LOG_EXPR(self.window.screen);

self.window.screen = <UIScreen: 0x6d20780; bounds = {{0, 0}, {320, 480}}; mode = <UIScreenMode: 0x6d20c50; size = 320.000000 x 480.000000>>

LOG_EXPR(self.tabBarController.viewControllers);

self.tabBarController.viewControllers = (
“<UINavigationController: 0xcd02e00>”,
“<SavingsViewController: 0xcd05c40>”,
“<SettingsViewController: 0xcd05e90>”
)

Pretty straightforward, really. The biggest convenience so far is having the expression printed out, so you don’t have to write out a name redundantly in the format string (eg. NSLog(@"actionURL = %@", actionURL)). But LOG_EXPR really shows it’s worth when you start using scalar or struct expressions:

LOG_EXPR(self.window.windowLevel);

self.window.windowLevel = 0.000000

LOG_EXPR(self.window.frame.size);

self.window.frame.size = {320, 480}

Yes, there are expressions that won’t work, but they’re pretty rare for me. I use LOG_EXPR every day. Several times. It’s not quite as good as having a REPL for Cocoa, but it’s handy.

Give it a try.

How It Works

The problem is how to pick a function or format string to print x, based on the type of x. C++’s type-based dispatch would be a good fit here, but it’s verbose (a full function-definition per type) and I wanted to use pure Objective-C if possible. Fortunately, Objective-C has an @encode() compiler directive that returns a string describing any type it’s given.
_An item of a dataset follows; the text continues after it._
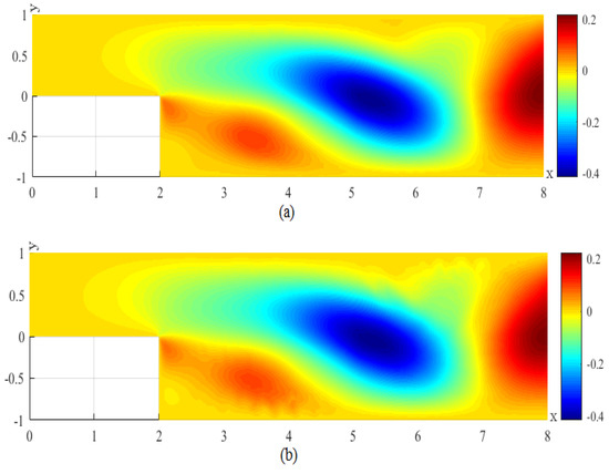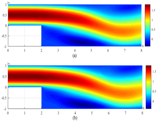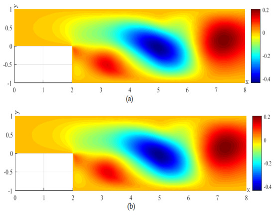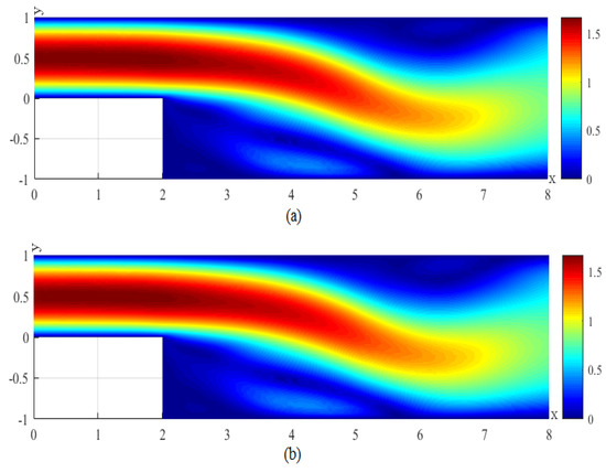 We first obtain the initial 20 CNMFE vorticity coefficient vectors ( 20) by solving the CNMFE method at the initial 20 time steps and make up the snapshot matrix . Then, according to the way in Section 3.1, we calculate out the eigenvectors corresponding to the eigenvalues (arranged degressively) in the matrix that satisfy . Thereupon, we merely need to take the first six eigenvectors to generate a set of POD bases with . Finally, we seek the RDRCNMFE solutions of the components of velocity, the velocity magnitude (), and the pressure at , 6, 8, and 10 by using Problem 6 and the formula (37), pictured in photo (b) of Figure 2, Figure 3, Figure 4, Figure 5, Figure 6, Figure 7, Figure 8, Figure 9, Figure 10, Figure 11, Figure 12, Figure 13, Figure 14, Figure 15, Figure 16 and Figure 17.

Unfortunately it works on types, not variables, but with C99 the typeof() compiler directive lets us get the type of any variable, which we can pass to @encode(). The final bit of compiler magic is using stringification (#) to print out the literal string inside LOG_EXPR()‘s parenthesis.

The Macro, Line By Line

1 #define LOG_EXPR(_X_) do{\
2 	__typeof__(_X_) _Y_ = (_X_);\
3 	const char * _TYPE_CODE_ = @encode(__typeof__(_X_));\
4 	NSString *_STR_ = VTPG_DDToStringFromTypeAndValue(_TYPE_CODE_, &_Y_);\
5 	if(_STR_)\
6 		NSLog(@"%s = %@", #_X_, _STR_);\
7 	else\
8 		NSLog(@"Unknown _TYPE_CODE_: %s for expression %s in function %s, file %s, line %d", _TYPE_CODE_, #_X_, __func__, __FILE__, __LINE__);\
9 }while(0)
  1. The first and last lines are a way to put {}‘s around the macro to prevent unintended effects. The do{}while(0); “loop” does nothing else.
  2. First evaluate the expression, _X_, given to LOG_EXPR once, and store the result in a _Y_. We need to use typeof() (which had to be written __typeof__() to appease some versions of GCC) to figure out the type of _Y_.
  3. _TYPE_CODE_ is c-string that describes the type of the expression we want to print out.
  4. Now we have enough information to call a function, VTPG_DDToStringFromTypeAndValue() to convert the expression’s value to a string. We pass it the _TYPE_CODE_ string, and the address of _Y_, which is a pointer, and has a known size. We can’t pass _Y_ directly, because depending on what _X_ is, it will have different types and could be of any size.
  5. VTPG_DDToStringFromTypeAndValue() returns nil if it can’t figure out how to convert a value to a string.
  6. Everything went well, print the stringified expression, #_X_, and the string representing it’s value, _STR_.
  7. otherwise…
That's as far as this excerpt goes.